=== What you will do ===
All entries below must be retyped exactly, though pictures are to be skipped.

━━━━━━━━━━━━━━━━

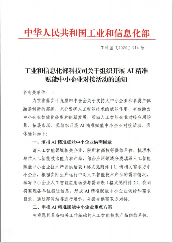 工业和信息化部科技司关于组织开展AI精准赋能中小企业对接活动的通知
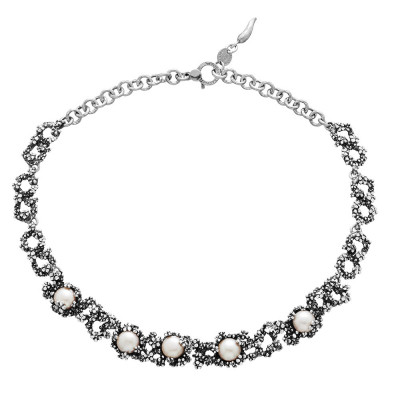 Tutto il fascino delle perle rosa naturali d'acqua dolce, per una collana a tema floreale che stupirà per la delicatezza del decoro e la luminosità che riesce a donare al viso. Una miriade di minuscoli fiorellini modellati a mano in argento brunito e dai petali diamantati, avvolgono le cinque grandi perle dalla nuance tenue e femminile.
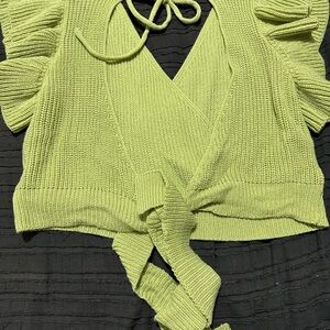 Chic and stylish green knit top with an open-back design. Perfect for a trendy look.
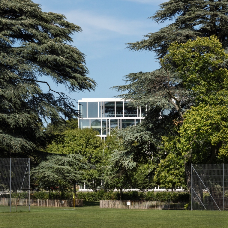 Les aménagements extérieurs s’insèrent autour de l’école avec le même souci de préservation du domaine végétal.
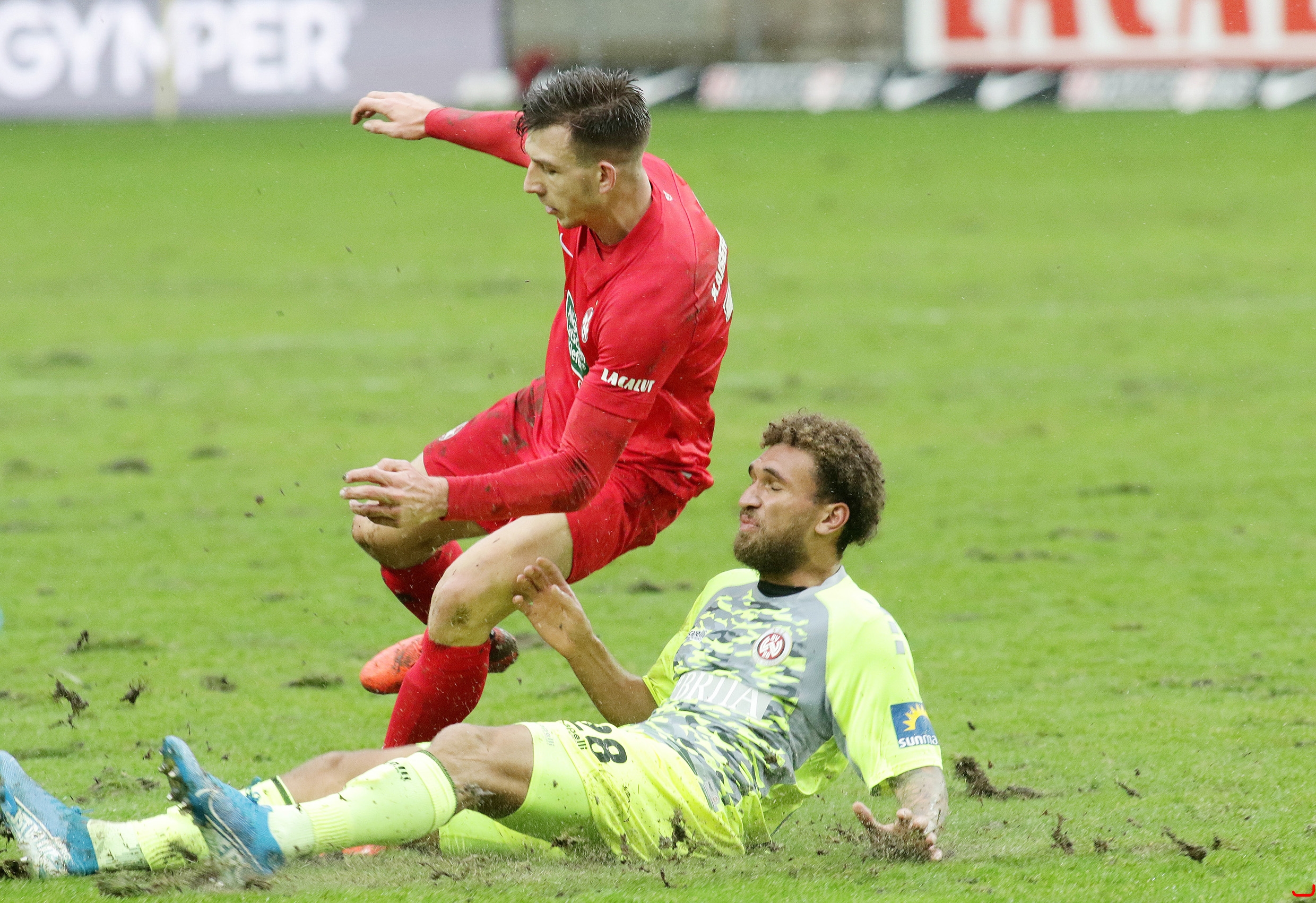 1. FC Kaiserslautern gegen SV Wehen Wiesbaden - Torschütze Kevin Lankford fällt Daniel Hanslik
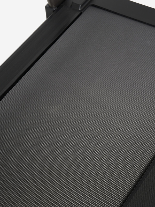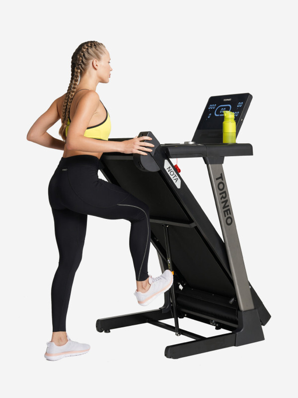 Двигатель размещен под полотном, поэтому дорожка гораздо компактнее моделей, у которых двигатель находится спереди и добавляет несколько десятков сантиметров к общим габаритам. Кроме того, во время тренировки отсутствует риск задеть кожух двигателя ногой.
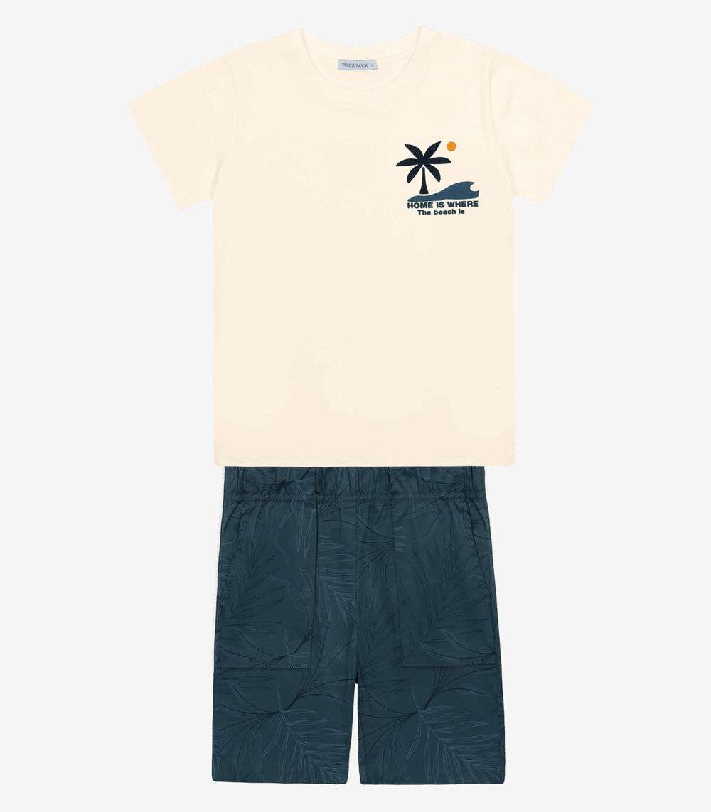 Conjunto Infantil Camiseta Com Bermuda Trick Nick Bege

━━━━━━━━━━━━━━━━

=== Exercise output ===
 工业和信息化部科技司关于组织开展AI精准赋能中小企业对接活动的通知
 Tutto il fascino delle perle rosa naturali d'acqua dolce, per una collana a tema floreale che stupirà per la delicatezza del decoro e la luminosità che riesce a donare al viso. Una miriade di minuscoli fiorellini modellati a mano in argento brunito e dai petali diamantati, avvolgono le cinque grandi perle dalla nuance tenue e femminile.
 Chic and stylish green knit top with an open-back design. Perfect for a trendy look.
 Les aménagements extérieurs s’insèrent autour de l’école avec le même souci de préservation du domaine végétal.
 1. FC Kaiserslautern gegen SV Wehen Wiesbaden - Torschütze Kevin Lankford fällt Daniel Hanslik
 Двигатель размещен под полотном, поэтому дорожка гораздо компактнее моделей, у которых двигатель находится спереди и добавляет несколько десятков сантиметров к общим габаритам. Кроме того, во время тренировки отсутствует риск задеть кожух двигателя ногой.
 Conjunto Infantil Camiseta Com Bermuda Trick Nick Bege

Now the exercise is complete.